Define constants and paths

In [2]:
# Define parameters/fetch arguments
tf_name = os.environ["TFM_TF_NAME"]
shap_scores_path = os.environ["TFM_SHAP_PATH"]
tfm_results_path = os.environ["TFM_TFM_PATH"]
hyp_score_key = os.environ["TFM_HYP_SCORE_KEY"]
if "TFM_MOTIF_CACHE" in os.environ:
    tfm_motifs_cache_dir = os.environ["TFM_MOTIF_CACHE"]
else:
    tfm_motifs_cache_dir = None

print("TF name: %s" % tf_name)
print("DeepSHAP scores path: %s" % shap_scores_path)
print("TF-MoDISco results path: %s" % tfm_results_path)
print("Importance score key: %s" % hyp_score_key)
print("Saved TF-MoDISco-derived motifs cache: %s" % tfm_motifs_cache_dir)
TF name: CEBPB
DeepSHAP scores path: /users/amtseng/tfmodisco/results/importance_scores/multitask_profile/CEBPB_multitask_profile_fold10/CEBPB_multitask_profile_fold10_imp_scores.h5
TF-MoDISco results path: /users/amtseng/tfmodisco/results/tfmodisco/multitask_profile/CEBPB_multitask_profile_fold10/CEBPB_multitask_profile_fold10_profile_tfm.h5
Importance score key: profile_hyp_scores
Saved TF-MoDISco-derived motifs cache: /users/amtseng/tfmodisco/results/reports/tfmodisco_results//cache/multitask_profile/CEBPB_multitask_profile_fold10/CEBPB_multitask_profile_fold10_profile
In [3]:
# Define paths and constants
input_length = 2114
shap_score_center_size = 400
In [4]:
if tfm_motifs_cache_dir:
    os.makedirs(tfm_motifs_cache_dir, exist_ok=True)

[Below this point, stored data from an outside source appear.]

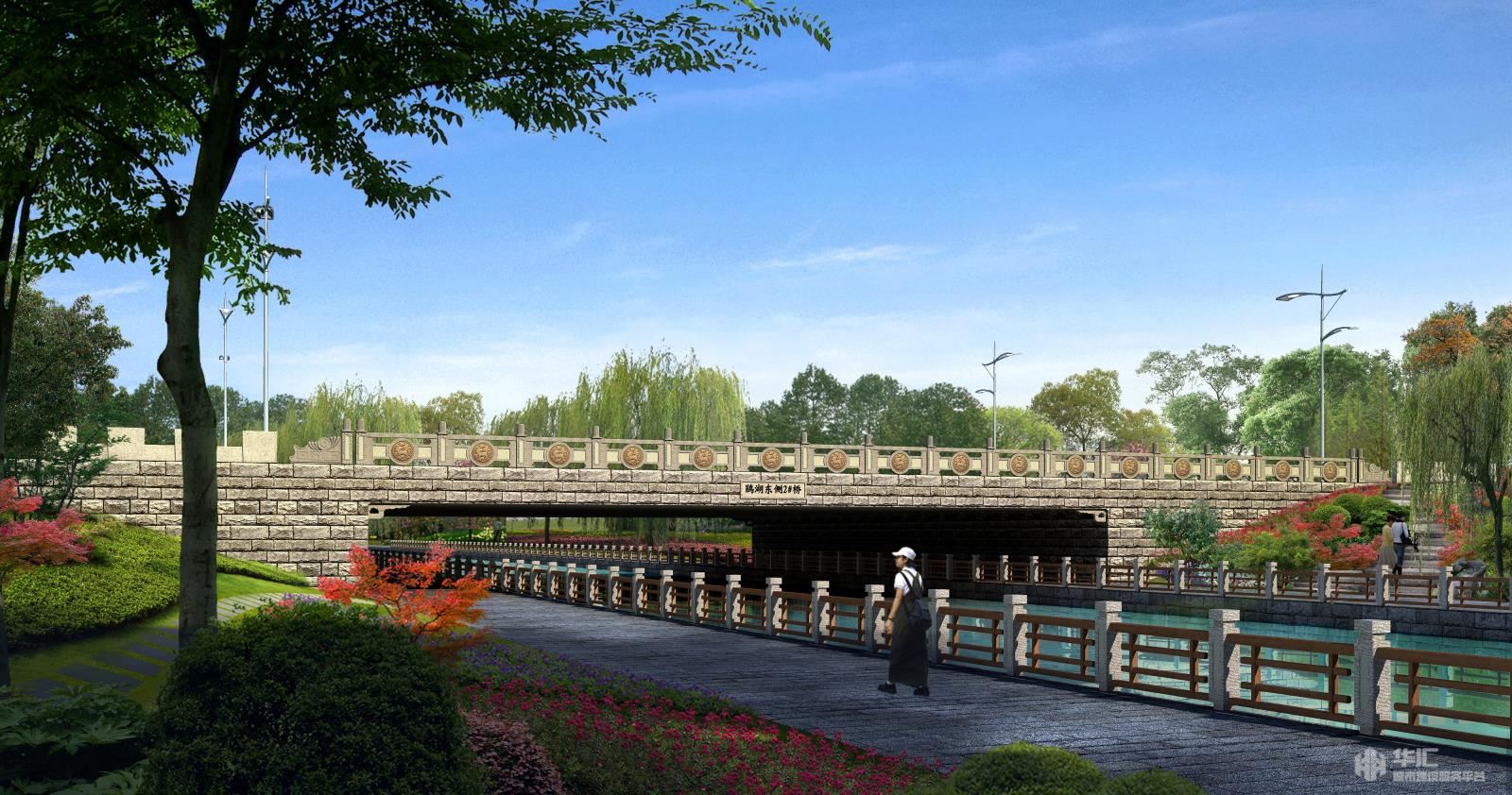 鵑湖東側(cè)道路南起城南大道,依次與緯四路(東側(cè)道路樁號K0+939.9)、緯三路(東側(cè)道路樁號K1+389.32)、緯二路(東側(cè)道路樁號K1+683.46)交叉,終點位于規(guī)劃海州路東延段樁號K1+369.94位置,道路全長1983.46m(城市次干路,設(shè)計速度30Km/h,施工范圍為K0+016.52至K1+966.93)。全線規(guī)劃紅線寬度統(tǒng)一,均為30米,K0+399處跨40m規(guī)劃河道設(shè)置3x20=60m橋梁一座, K0+784處跨約14m規(guī)劃河道設(shè)置20m橋梁一座。道路全線占地面積為94.98畝。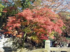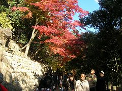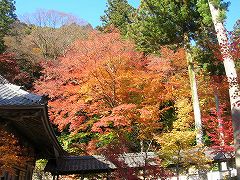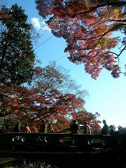 境内の紅葉は写真を見てもらいましょうか。 数だけで言えば去年行った正法寺など比較にすらなりません。 一面、紅、黄、橙のモミジ、モミジ。 周囲が紅く染まっています。見事の一言です。 そして、どちらを向いてもカメラを構えている人たちがいます。 カメラの種類は、写ルンですからK帯からデジカメから一眼レフから…。 撮影してる人の邪魔にならないように避けて歩かなくてはいけない状態で、 紅葉を見ながらも気を使います。 でも、こういう光景を見ると、せっかくの重要文化財も 単なる観光地に成り果ててしまってますね。 |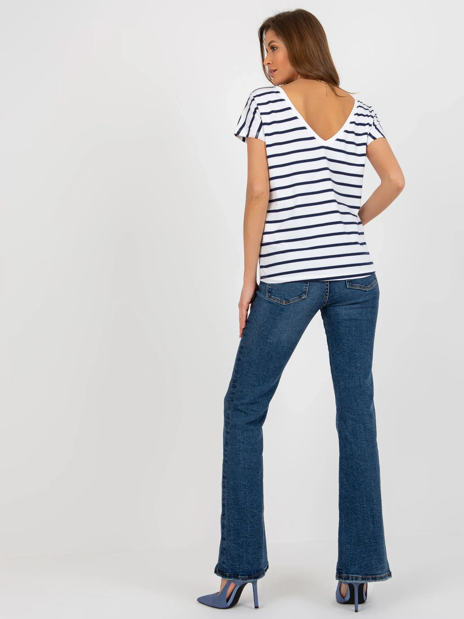 Námořnickymodré a bílé základní tričko s výstřihem na zádech .
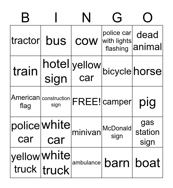 This bingo card has a free space and 24 words: white car, white truck, yellow car, yellow truck, dead animal, tractor, train, bus, camper, minivan, bicycle, American flag, McDonald sign, gas station sign, hotel sign, barn, pig, cow, horse, construction sign, boat, police car, police car with lights flashing and ambulance.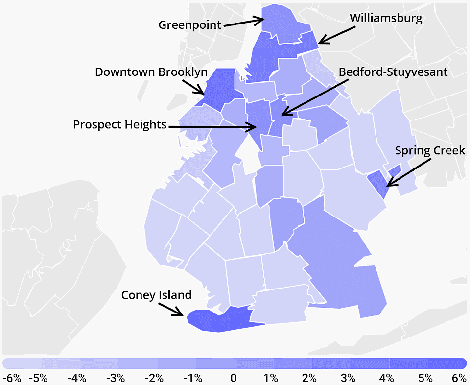 ブルックリンやクイーンズでも、マンハッタンまで地下鉄で一駅から数駅のエリアには人口が流入しています。上と同期間を対象としたこの統計を見るまでもなく、近年はDowntown Brooklyn, Fort Greene, DUMBO, Williamsburg, Greenpointの新しめの住宅で、家賃がマンハッタンよりほんの少し安いだけの水準まで上がっていましたので、人気は多くの人に認識されていただろうと思います。

Import SHAP scores and TF-MoDISco results

In [5]:
# Import SHAP coordinates and one-hot sequences
hyp_scores, _, one_hot_seqs, shap_coords = import_shap_scores(shap_scores_path, hyp_score_key, center_cut_size=shap_score_center_size)
# This cuts the sequences/scores off just as how TF-MoDISco saw them, but the coordinates are uncut
Importing SHAP scores: 100%|██████████| 273/273 [05:50<00:00,  1.28s/it]
In [6]:
# Import the TF-MoDISco results object
tfm_obj = import_tfmodisco_results(tfm_results_path, hyp_scores, one_hot_seqs, shap_score_center_size)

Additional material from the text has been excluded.